Wednesday, December 17, 2014

Off-Broadway Review—"The Invisible Hand"

The Invisible Hand
Written by Ayad Akhtar; directed by Ken Rus Schmoll 
Performances through January 4, 2015
New York Theatre Workshop, 79 East 4th Street, New York, NY
nytw.org
Ally and Kirk in The Invisible Hand (photo: Joan Marcus)
With his Pulitzer Prize-winning play Disgraced doing boffo biz on Broadway (and a likely front-runner for the Tony Award), let's see if playwright Ayad Akhtar is not just a one-trick pony. Happily, The Invisible Hand—which shrewdly shows how money is the root of all evil, whether capitalism or terrorism—proves he isn't: it's another smart, provocative, hard-hitting and all too relevant drama.

After Nick Bright, a broker working in Citibank's Pakistan office, is mistakenly kidnaped—the target was his boss—the group who did the deed decide to try and extort money from the bank for his ransom. But the $10 million they are asking is, in Nick's own words, far too much for someone of his relatively minor stature; but his captors remain steadfast, assuming the dirty American bank will cough up the money.

After weeks in captivity, Nick makes a deal with the men: he will use $3 million from his own offshore acount to invest in the market until he raises $10 million.
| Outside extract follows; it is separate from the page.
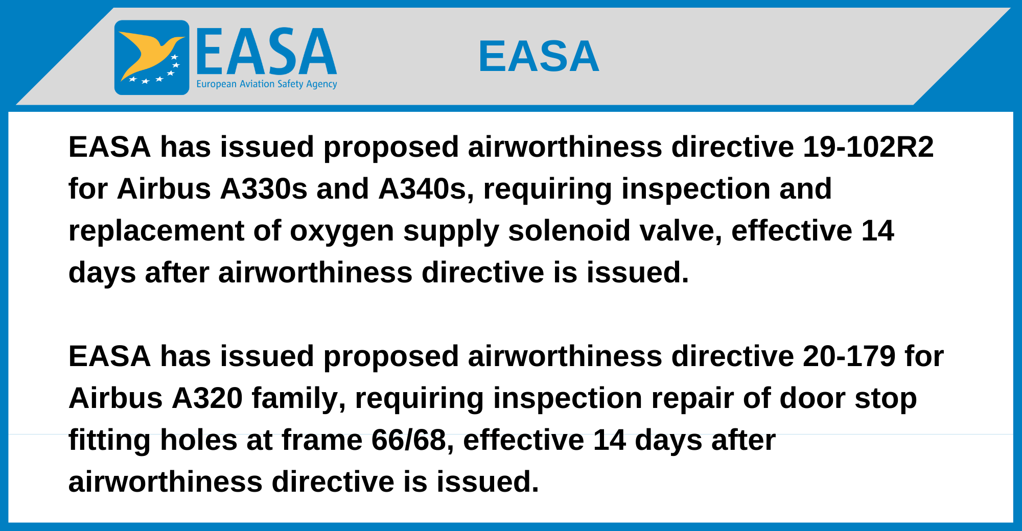 EASA has issued proposed airworthiness directive 19-102R2 for Airbus A330s and A340s, requiring inspection and replacement of oxygen supply solenoid valve, effective 14 days after airworthiness directive is issued.

The group's head, the respected elder Imam Saleem, agrees to allow his protege, the hot-headed Bashir—a London-born Arab who is in Pakistan to wage jihad like, he says, the many leftists who turned into freedom fighters against Franco in the Spanish Civil War to assuage their guilt over living comfortably in the West—to become Nick's financial "assistant."
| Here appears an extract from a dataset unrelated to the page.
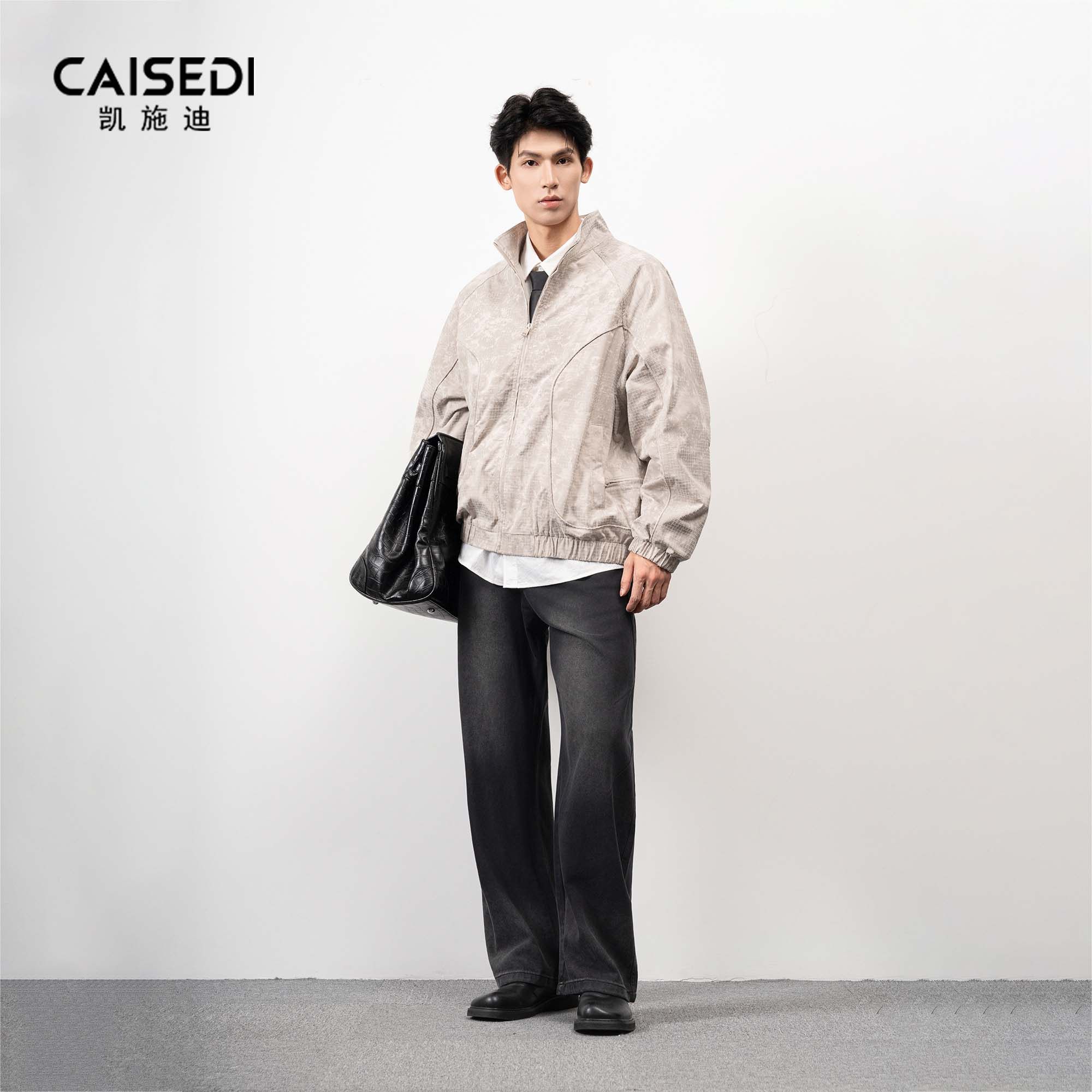 📚 凯施迪短款立领夹克男秋冬新品潮牌立体鳄鱼皮肌理感防风外套男士

Although their investments begin well, a brilliantly written and staged scene shows how Nick quickly realizes that working financial angles for his captors has a plethora of moral quagmires: especially after their immediate windfall comes after a prominent Pakistani and his wife (both of whom he knew socially) are killed in a terrorist attack at a wedding. Parallelly, Bashir becomes giddy, almost scarily so, when he sees the ease with which they've made $700,000 in 10 minutes. 

Akhtar's writing skillfully treads the blurred lines separating freedom fighters from terrorists and surviving at all costs from doing what's morally right: he adroitly positions his characters and their explosive behavior in the front lines of the so-called war on terror. If Disgraced found tough insight into that war through two couples in a well-appointed Manhattan apartment, then The Invisible Hand is its flip side: a dispatch from that endless war, with lives on the line for nothing more than cold hard cash.

Since the play began life as a one-acter, there's a noticeable difference in the writing: act one has a simple but forceful elegance that underlines its brutal truths about both sides; after intermission, there are blunter statements of physical and mental brutality. Some may find the sheer viciousness of the play's final moments too obvious, but it works perfectly as the only possible ending for a story that's been leading to ever more dangerously fraught situations for everyone involved.

Ken Rus Schmoll directs with alternate muscle and finesse on Riccardo Hernandez's starkly imposing set (with bonus points for Tyler Micoleau's exquisitely evocative lighting), while the actors—Justin Kirk (Nick), Usman Ally (Bashir), Dariush Kashani (Imam) and Jameal Ali (Dar, a gun-toting minion)—give firmly commanding performances in roles that could easily have become caricature.  All of that, combined with Akhtar's assured script, makes The Invisible Hand another winner by New York's playwright of the moment.